Każda ich premiera to wielkie wydarzenie w stolicy Podhala. Tak było i tym razem. 14 czerwca w nowotarskim Miejskim Centrum Kultury aktorzy z Teatru Sporadycznego zaprosili bardzo liczną widownię do podróży na tytułową "Wyspę". Tak naprawdę była to wyprawa w głąb naszego życia.
Teatr Sporadyczny to grupa aktorów amatorów, którzy skupieni są wokół parafii Najświętszego Serca Pana Jezusa w Nowym Targu, stąd przed przedstawieniem głos zabrał ich obecny opiekun - ks. Przemysław Cios. Wspomniał, że spektakl pt. "Wyspa" powstał według scenariusza i w reżyserii Marcina Kobierskiego, aktora Teatru Bagatela w Krakowie. - Odczytam fragment, który towarzyszył nam przy tworzeniu tej sztuki: "Budząc się rano, pomyśl, jaki to wspaniały skarb: żyć, oddychać i móc się radować" - podkreślił ks. Cios.
Na początku przedstawienia, przy zasłoniętej jeszcze kurtynie, słychać rozmowę w szpitalu, nastąpił zgon, akcja serca zatrzymała się. Potem już na scenę wchodzą aktorzy. Przenosimy się do programu telewizyjnego „Wyspa”. Świetni prowadzący, w tych rolach: Anna Mozdyniewicz i Krzysztof Sutor, nie szczędzą emocji widzom i uczestnikom programu. Łącznie poznajemy trzy pary: Kaję i Borysa (Marta Sadowa-Chorąży i Piotr Kowalczyk), Maję i Radka (Katarzyna Podkanowicz i Damian Sukiennik) oraz Karinę i Wojciecha (Magdalena Sukiennik i Krzysztof Łapsa).
W czasie przerw na reklamy przenosimy się do dwóch mieszkań, w jednym jest Marzenka i Bogdan (Magdalena Żółtek i Grzegorz Wiktor), którzy bardzo przeżywają cały program. W drugim lokum, zupełnie negatywnie odbiera go profesorstwo (Jola Łapsa i Artur Wróbel).

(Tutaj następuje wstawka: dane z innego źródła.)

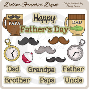 This large collection includes a "Dad" mug with a fish, a "Papa" mug with a mustache, stopwatches, mustaches, a fishing bobber, and eight Father's Day word art graphics - "Happy," "Father's Day," "Dad," "Grandpa," "Father," "Brother," "Papa," and "Uncle." This set contains 17 graphics.
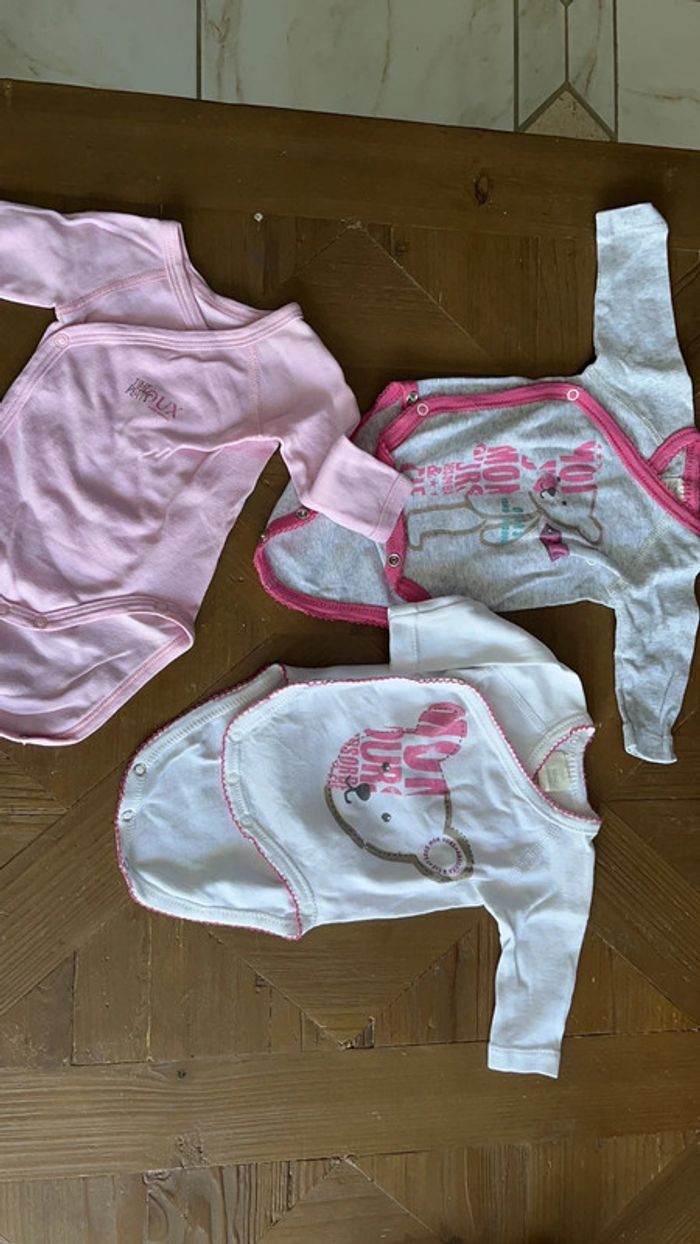Lot de 3 bodies naissance 50 cm Petit bateau le rose Absorba les autres

Początek programu zapowiada się bardzo ciekawie i "cukierkowo". Pary się świetnie prezentują, pojawią się tancerze, bohaterowie opowiadają o swoim życiu, co okazuje się dalekie od rzeczywistości. Pojawia się Elvis (Robert Sutor), przeprowadza różne konkurencje. Widzowie poznają prawdziwe oblicze bohaterów "Wyspy". Kaja i Borys wcale nie są idealnym małżeństwem, Kaja jest dyrektorem szkoły, mobinguje pracowników. Dziewczynki - Klaudia Podkanowicz, Paulina Żółtek i Dominika Kowalczyk jako uczennice wprost przyznają, jak wyglądają z nią lekcje.

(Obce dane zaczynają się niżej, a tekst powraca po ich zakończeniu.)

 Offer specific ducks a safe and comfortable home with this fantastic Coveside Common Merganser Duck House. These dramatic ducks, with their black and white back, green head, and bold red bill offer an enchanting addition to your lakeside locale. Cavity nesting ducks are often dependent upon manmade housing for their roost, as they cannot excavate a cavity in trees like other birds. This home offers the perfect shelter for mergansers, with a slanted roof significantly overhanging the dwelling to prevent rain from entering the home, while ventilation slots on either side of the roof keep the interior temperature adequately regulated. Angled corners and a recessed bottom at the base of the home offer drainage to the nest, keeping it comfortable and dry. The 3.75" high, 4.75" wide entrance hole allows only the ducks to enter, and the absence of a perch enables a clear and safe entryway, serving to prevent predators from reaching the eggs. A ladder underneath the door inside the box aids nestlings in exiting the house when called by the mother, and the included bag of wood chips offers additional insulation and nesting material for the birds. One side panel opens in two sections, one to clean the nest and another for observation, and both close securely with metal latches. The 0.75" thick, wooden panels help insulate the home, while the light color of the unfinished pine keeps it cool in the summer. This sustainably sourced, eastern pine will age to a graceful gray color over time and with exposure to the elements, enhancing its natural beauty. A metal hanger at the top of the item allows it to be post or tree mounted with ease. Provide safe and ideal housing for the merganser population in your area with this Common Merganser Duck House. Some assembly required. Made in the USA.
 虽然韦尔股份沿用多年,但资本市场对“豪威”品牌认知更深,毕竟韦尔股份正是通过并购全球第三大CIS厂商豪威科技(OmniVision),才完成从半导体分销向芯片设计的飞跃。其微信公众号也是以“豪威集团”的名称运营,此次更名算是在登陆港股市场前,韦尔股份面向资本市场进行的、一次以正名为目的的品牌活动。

Maja i Radek podczas jazdy swoim kabrioletem doprowadzili do potrącenia kobiety, która nagle weszła na jezdnię. Z programu trafiają prosto w ręce prywatnych detektywów (Stanisław Mertens i Ewa Wiktor), padają strzały… Zostaje tylko jedna para - Karina i Wojciech. Karina ma zaburzone relacje z matką (w tej roli Małgorzata Wróbel), która w pięknie zagranym monologu wyjawia swoje zachowanie wobec córki.
W finałowej scenie znowu przenosimy się do szpitala, profesorstwo już nie ogląda "Wyspy", a zajmuje się pacjentami, wśród nich jest Karina. Okazuje się, że to ona była tą kobietą, która wbiegła na jezdnię, kiedy wyszła ze szkoły po rozmowie z panią dyrektor… - Śniło mi, że wystąpiliśmy w programie telewizyjnym i go wygraliśmy - mówi Karina do męża, a on trzyma ją w ramionach. - A nagrodą jest nasze dobre życie - komentują małżonkowie.
Jak łatwo się domyśleć, trupa aktorska otrzymała owację na stojąco, całkiem zresztą zasłużoną. Świetna gra, dialogi, scenariusz, dźwięki, światło - złożyły się na blisko półtoragodzinny spektakl, który widzowie jasno określili jako "samo życie”. Na sali widowiskowej zasiadło blisko pół tysiąca widzów, wśród których byli członkowie rodzin aktorów, przyjaciele, kapłani, przedstawiciele władz lokalnych, mieszkańcy Nowego Targu i okolic.
Teatr Sporadyczny w Nowym Targu działa już od kilkunastu lat przy tamtejszej parafii Najświętszego Serca Pana Jezusa. Należą do niego m.in. nauczyciele, przedsiębiorcy, lekarze, restauratorzy, urzędnicy. Za scenariusz i reżyserię każdego przedstawienia odpowiada aktor Marcin Kobierski. Zwykle przedstawienie premierowe mają miejsce raz w roku.